SAT Comparison

Figure 1 presents a detailed comparison of detection precision and recall between LLMs and SATs across various benchmarks, highlighting the fluctuating performance of SATs on different benchmarks.

Figure 1: Detection Performance Comparison between LLMs and SATs Across Benchmarks.

In manually-crafted benchmarks, SATs generally exhibit lower recall than LLMs due to two primary factors:

SATs struggle to detect perturbed test cases from the MASC benchmarks, with CryptoGuard, CogniCryptSAST, and SpotBugs detecting only 11, 9, and 22 GTMs out of 37 cases, respectively.
The rigidity of SAT rules often leads to numerous irrelevant alerts, which are categorized as false positives in our analysis.

While CryptoGuard and SpotBugs achieve precision comparable to that of DeepSeek and Gemini, they fall slightly behind the GPT series. Moreover, CogniCryptSAST's lower precision can be attributed to its expansive rule set, which often mandates unnecessary operations^[1].

In real-world benchmarks, LLMs generally exhibit greater precision than SATs due to their deeper comprehension of the security context, as elucidated in Section 3.2.

While certain SATs may identify a larger number of GTMs compared to some LLMs, this is achieved at the cost of precision. These SATs tend to flag any non-deterministic operations as insecure, leading to false positives and hindering the ability to provide meaningful root cause analysis.
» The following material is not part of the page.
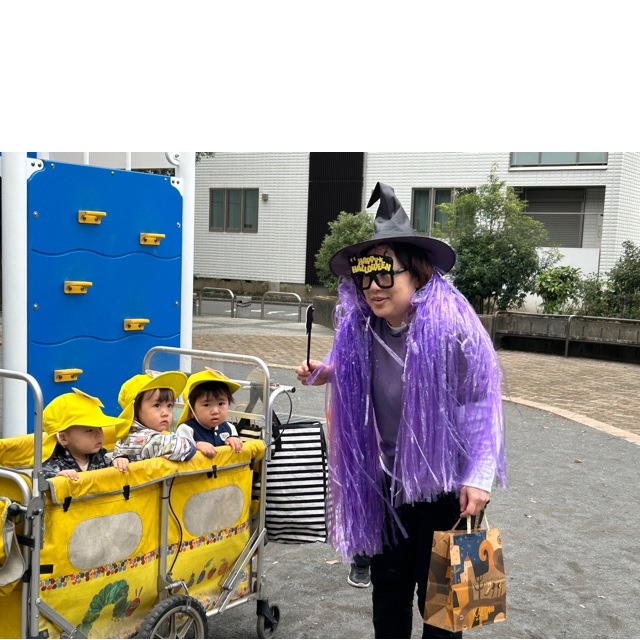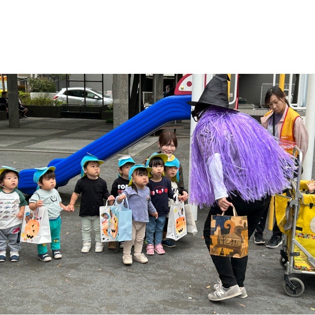 2025年11月14日 Happy Halloween②🎃👻 ジャーン!!!!!🧙 えっ!? この紫色の人は誰???? 👀👀👀👀 ‘だれだろー?‘ ‘まじょ???‘ 公園に遊びに来たら 子どもたちの前に突然現れた魔女さんは 子どもたちと仲良くなりたかったようです。 楽しいゲームをして魔女さんからも プレゼントをもらいすっかり仲良しになりましたよ🎁 今年のハロウィンも素敵なことがいっぱい✨ 楽しい思い出がまたひとつ増えました👻🎃👻

Consequently, all SATs demonstrate lower overall accuracy than LLMs.

Figure 2: Venn Plots of the Misuse Detected by LLMs and CryptoGuard on the Apache Benchmarks.

Figure 2 presents a comparison of the unique misuse cases detected by LLMs (under optimal settings) and CryptoGuard, the most effective pattern-based SAT in our evaluation, on the Apache Benchmarks. LLMs collectively identified 17 unique misuse cases, whereas CryptoGuard detected 5.

Of the 5 cases uniquely detected by CryptoGuard, 2 involved multi-hop call chains within long contexts, a scenario where LLMs exhibited inconsistent detection capabilities. The remaining 3 cases pertained to insecure HTTP usage, which was not universally classified as misuse by the LLMs.

However, LLMs also uncovered a significantly larger number of misuse cases compared to CryptoGuard. Notably, GPT-4 identified 5 previously unknown misuses that fell outside the targeted categories of SATs. This observation suggests that both traditional SATs and LLMs possess distinct strengths and limitations in misuse detection.

References

[1] Detailed reference for Apache Benchmarks (to be provided).